Notably, the adjusted operating result (EBITDA) improved to €101m, compared to the previous year’s figure of €92m. The corresponding adjusted EBITDA margin rose to 9.2%, up from 8.2% in the previous year.

Successful market launch in packaging printing

HEIDELBERG’s successful entry into the packaging printing sector contributed to its positive performance. New technologies, such as the Gallus One digital label press and the Boardmaster press for high productivity in packaging printing, garnered significant attention from customers.

The Packaging Solutions segment witnessed a substantial increase of approximately 16% in incoming orders during the first half-year.
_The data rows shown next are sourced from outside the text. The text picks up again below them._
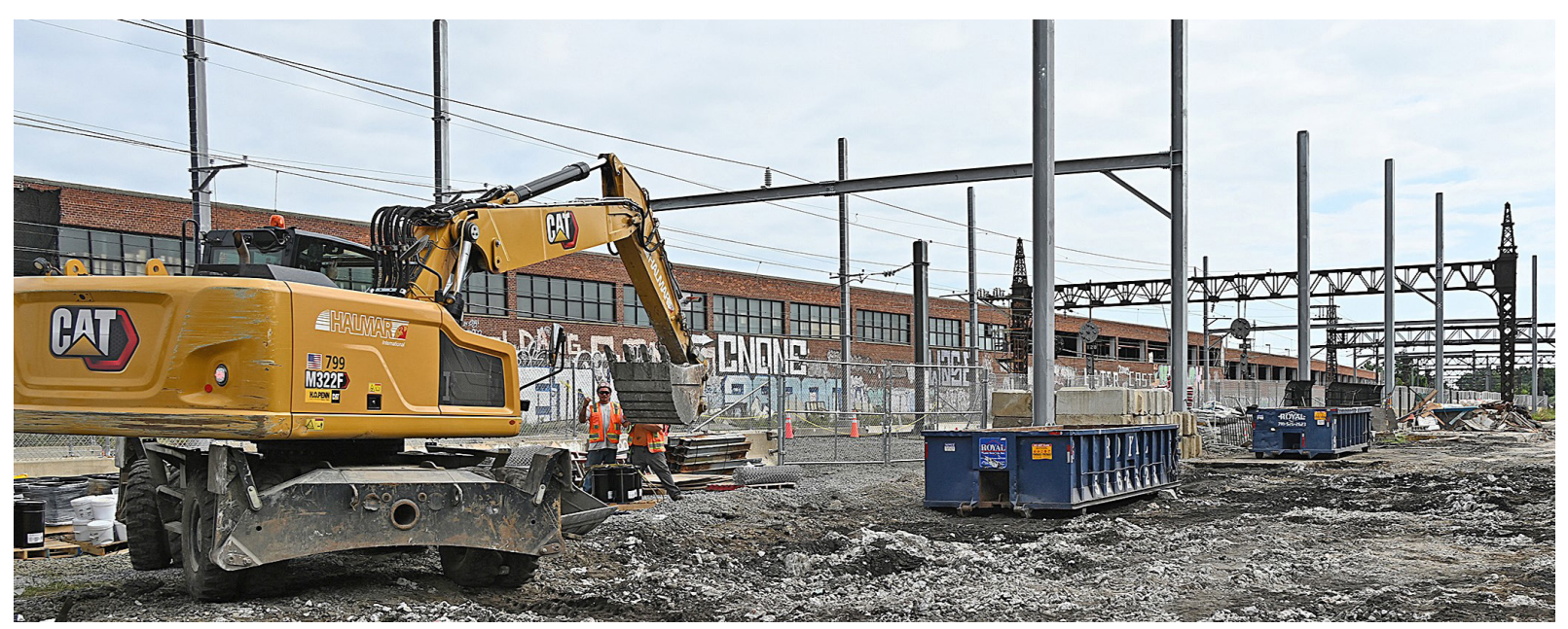
PSA crews progress site preparations at site of future Parkchester/Van Nest Station, August 2024

Work is ramping up at the site of the future Parkchester/Van Nest Station. Concrete foundation work, including walls, pile caps, grade beams, and elevator foundations, is ongoing and expected to be completed by the end of the year. Crews will also continue to progress drainage, caissons, and signal work north of Track 1 near the station site. The next phase of work at this location includes utility installation and pouring the concrete slab for the station entrance. Later in 2025, crews will commence steel erection and begin work on the station house walls. At Leggett Interlocking, signal, communication, and testing are underway with commissioning planned for the coming months.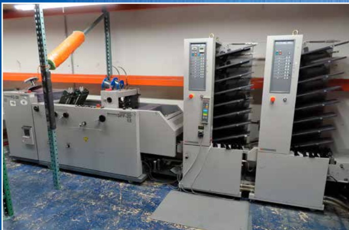
Horizon Booklet Maker w/(2) MC80 Towers

SALE DATE: Thursday, June 11, 1:00 PM (ET) INSPECTION: Wednesday, June 10, 9 AM TO 4 PM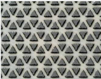
Close-up grinding Pad PLATO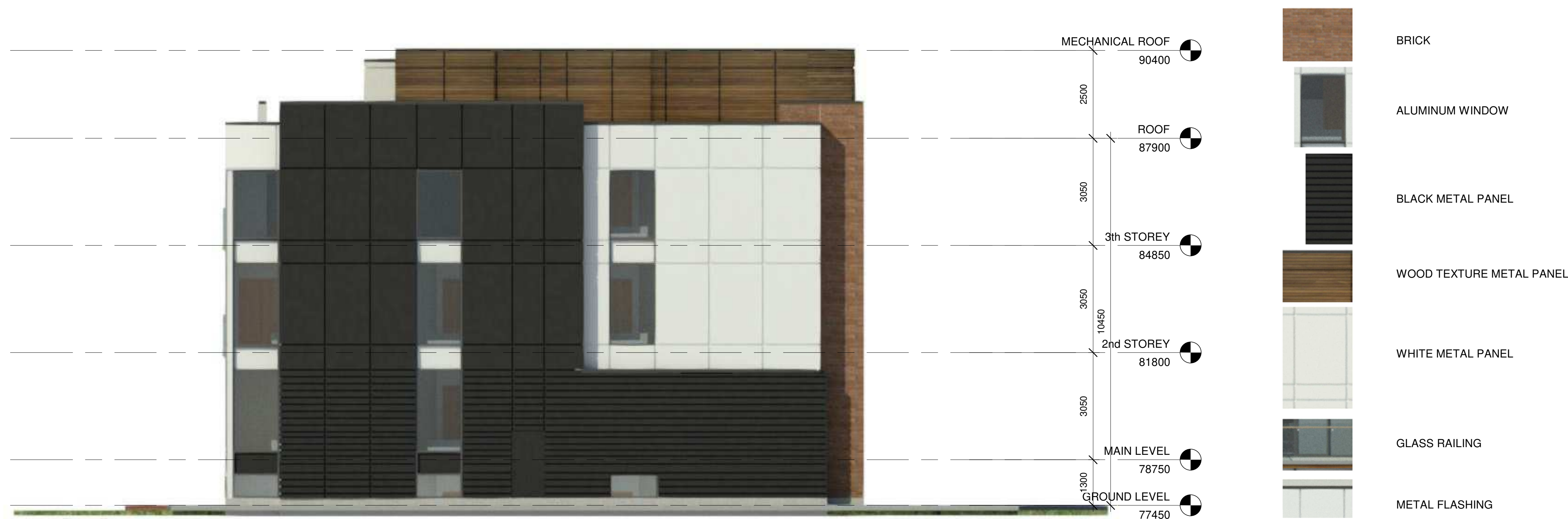
3 SOUTH ELEVATION -- A111B 1:50

ALL CONTRACTORS TO VERIFY ALL DIMENSIONS ON SITE AND TO REPORT ALL ERRORS AND/OR OMISSIONS TO THE ARCHITECT. ALL CONTRACTORS MUST COMPLY WITH ALL CODES AND BYLAWS AND OTHER AUTHORITIES HAVING JURISDICTION OVER THE WORK. DO NOT SCALE DRAWINGS. THIS DRAWING MAY NOT BE USED FOR CONSTRUCTION UNTIL SIGNED BY THE ARCHITECT. COPYRIGHT RESERVED.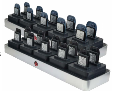
Compatible with ASCOM d81/d62/i62 handset battery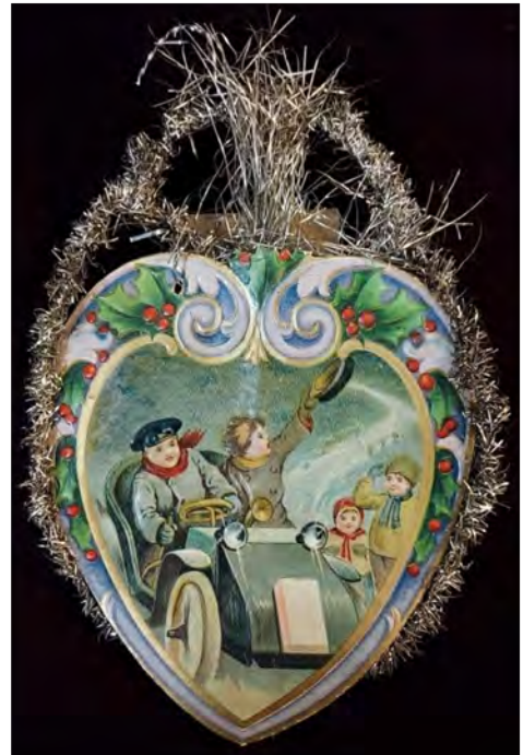
Another great Christmas decoration made from a postcard. Circa 1902, from my collection.

This item was possibly home-made using a Victorian "scrap", possibly cut from a greeting card. It's typical of many home-made decorations from the early 1900s before commercialization of the Christmas holidays.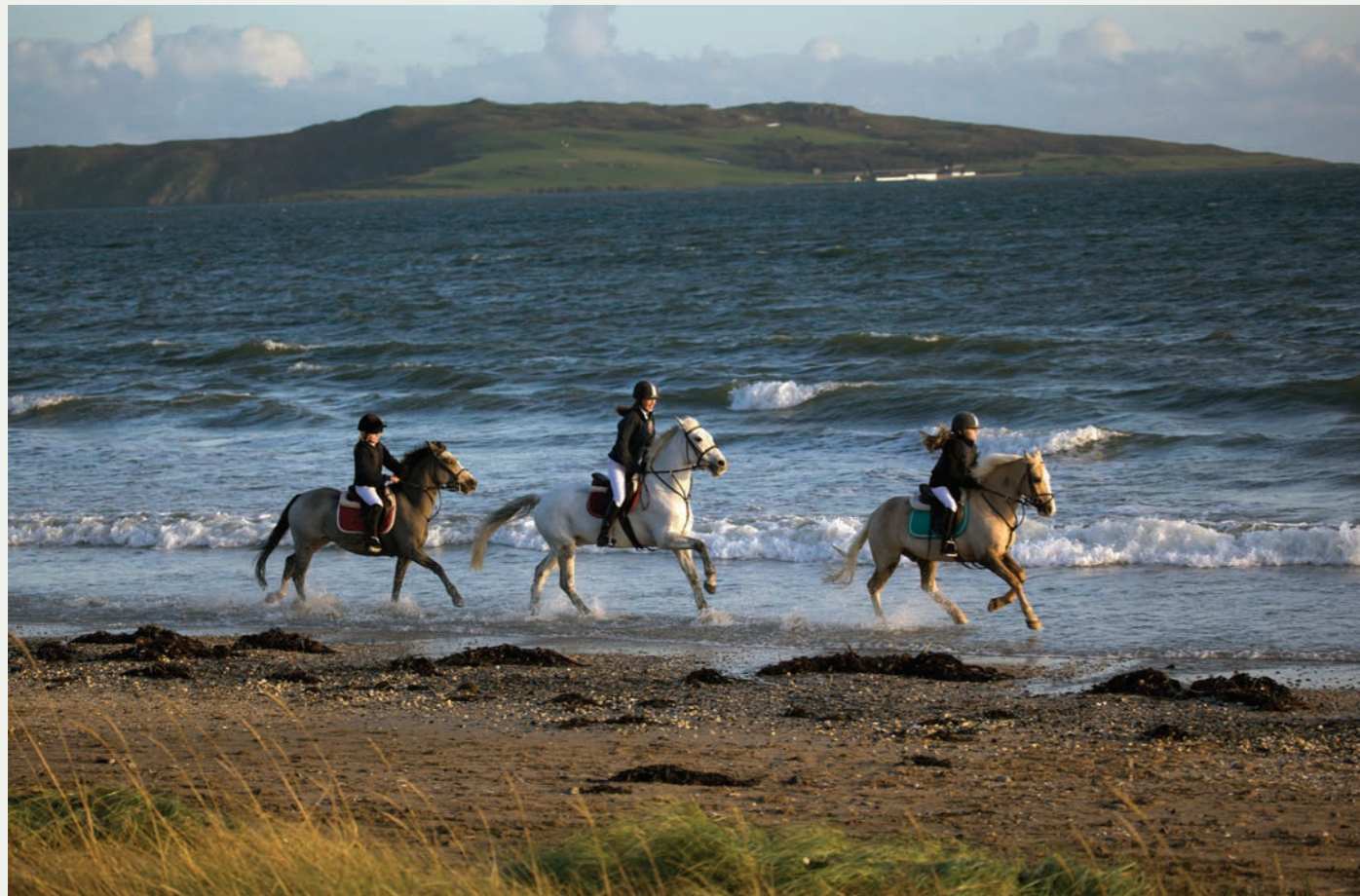
In 2012, overseas visitors, who engaged in equestrian activities while in Ireland, spent an estimated €79 million

HEIDELBERG CEO Dr Ludwin Monz noted: “Given the stable growth of packaging printing, we are continuously expanding our portfolio in this sector.”

Positive impact of price adjustments

HEIDELBERG’s performance was also influenced by price adjustments to compensate for higher personnel, material and energy costs, which had a positive impact.

Despite these factors, the net result after taxes for the first half of the year remained positive at €33m, though it decreased compared to the previous year (€44m) due to higher tax expenditure, increased pension-related interest costs and the absence of positive special items.

Improved operating cash flow

The company reported a substantial improvement in operating cash flow, driven by effective management of inventories and receivables (working capital).

However, the free cash flow for the first six months was €–28m, down from the previous year’s level of €–13m, which included special items of approximately €52m.

HEIDELBERG CFO Tania von der Goltz emphasised the need for resources to drive growth, stating: “The current free cash flow situation underlines the necessity to use further impetus from our value creation programme to generate resources for growth in segments such as the lucrative digital printing sector.”

The analysis phase of this programme is ongoing and HEIDELBERG aims to achieve a positive free cash flow by the end of the financial year.

Outlook for FY 2023/2024

HEIDELBERG’s forecast for the financial year 2023/2024 remains unchanged from its previous announcement on June 14, 2023.

The company expects that if the global economy aligns with economic research institutions’ growth predictions, its sales for the fiscal year will match the previous year’s figure of €2.435bn.

The adjusted EBITDA margin is anticipated to remain at the previous year’s level of 7.2%, indicating confidence in the company’s outlook.